- **Directions**: Every line below from the one with "SA106 Womens Color" through the one with "全日本バレーボール高等学校選" is to be repeated exactly, with no picture among them.

- **Supplied data**:
····················

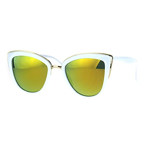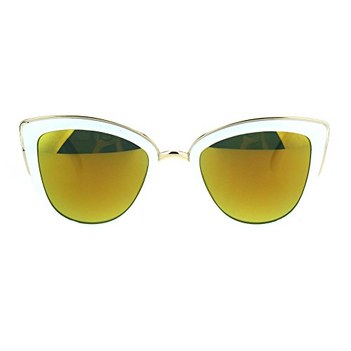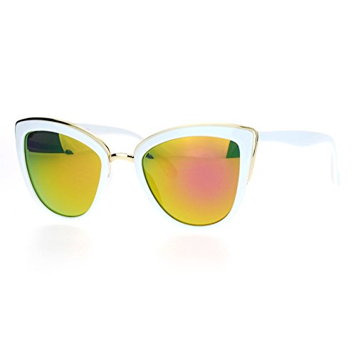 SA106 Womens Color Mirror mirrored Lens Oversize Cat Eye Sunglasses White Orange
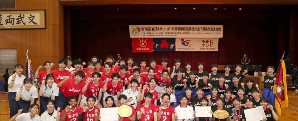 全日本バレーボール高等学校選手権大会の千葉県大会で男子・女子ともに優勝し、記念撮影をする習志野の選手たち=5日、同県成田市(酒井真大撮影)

····················

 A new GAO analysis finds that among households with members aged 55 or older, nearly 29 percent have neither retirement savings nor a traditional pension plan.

····················

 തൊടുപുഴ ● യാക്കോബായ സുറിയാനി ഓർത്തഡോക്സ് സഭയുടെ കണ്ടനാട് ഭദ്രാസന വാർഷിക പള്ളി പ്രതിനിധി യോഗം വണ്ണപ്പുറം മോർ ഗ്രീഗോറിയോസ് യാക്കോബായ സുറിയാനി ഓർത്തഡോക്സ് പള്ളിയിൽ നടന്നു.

····················

- **Output for this exercise**:
 SA106 Womens Color Mirror mirrored Lens Oversize Cat Eye Sunglasses White Orange
 全日本バレーボール高等学校選手権大会の千葉県大会で男子・女子ともに優勝し、記念撮影をする習志野の選手たち=5日、同県成田市(酒井真大撮影)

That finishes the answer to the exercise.